Giancarlo Galan, the former governor of Italy’s Veneto region and most recently minister of Agriculture, has been named Italy’s new culture minister.

Italy’s previous minister of culture Sandro Bondi stepped down following after a series of culture mishaps that brought some of Italy’s arts institutions on the brink of closure.

Bondi’s role was challenged most strongly late in 2010, when the nation was hit by a massive cultural disaster when a 2,000 year old House of Gladiators in Pompeii, a UNESCOWorldHeritage Site collapsed.

Bondi survived that crisis, but when earlier this month Italy’s single arts fund, known as FUS (Fondo Unico Spettacolo) was slashed to record lows, Bondi stepped down.

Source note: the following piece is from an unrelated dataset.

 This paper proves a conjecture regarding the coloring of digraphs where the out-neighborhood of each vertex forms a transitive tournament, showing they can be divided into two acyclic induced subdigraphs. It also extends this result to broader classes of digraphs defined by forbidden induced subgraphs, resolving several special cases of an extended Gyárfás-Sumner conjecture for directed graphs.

Film studios Cinecitta, film promotional body and archive Cinecitta Luce, and ultimately the Venice Film Festival expressed that operational activities would be at risk due to the cuts.

The government originally cut $200m (€140m) while a further $37m (€26m) was frozen, bringing the fund down to $367m (€258 m) across all disciplines. However, Galan’s entry was accompanied by the executive branch of the government reinstating the overall arts budget back to 2010’s levels of $608m (€428 m). Although still lower than the arts community would like, the creative industries are breathing a sigh of relief.

Galan joins the ranks of the culture elite after serving as Agriculture minister in 2010-2011. As Governor of the Veneto region, he was among the core group of politicians that at time exercised influence over the Biennale arts organisation, which oversees the Venice film festival and the other Biennale events including the Biennales of art, dance, theatre and architecture.

With today’s decision, the government also said the “arts fund had been stabilized and the tax credit too, will be stable and permanent.” Italy’s tax credit law was just renewed for a second run through 2013. It allows foreign productions to reap benefits up to 25% of production spend.

That law, under Bondi, was saved thanks to a “ticket tax” of one Euro per cinema ticket sold and which was the means to finance the tax credit.

That however has now been reversed. Exhibitors were against levying a tax from cinema goers and the government has instead decided to fund the arts fund and the tax credit by increasing petrol tax by one-two cents.

Paolo Ferrari, president of Italy’s motion picture organization Anica called, the decision to reinstate the arts funding “wise and fair.”

Producer Riccardo Tozzi, president of the producer section of Anica and co-partner of Cattleya expressed his satisfaction. “Now the arts and entertainment can make a better contribution to the rebirth of our country,” he said.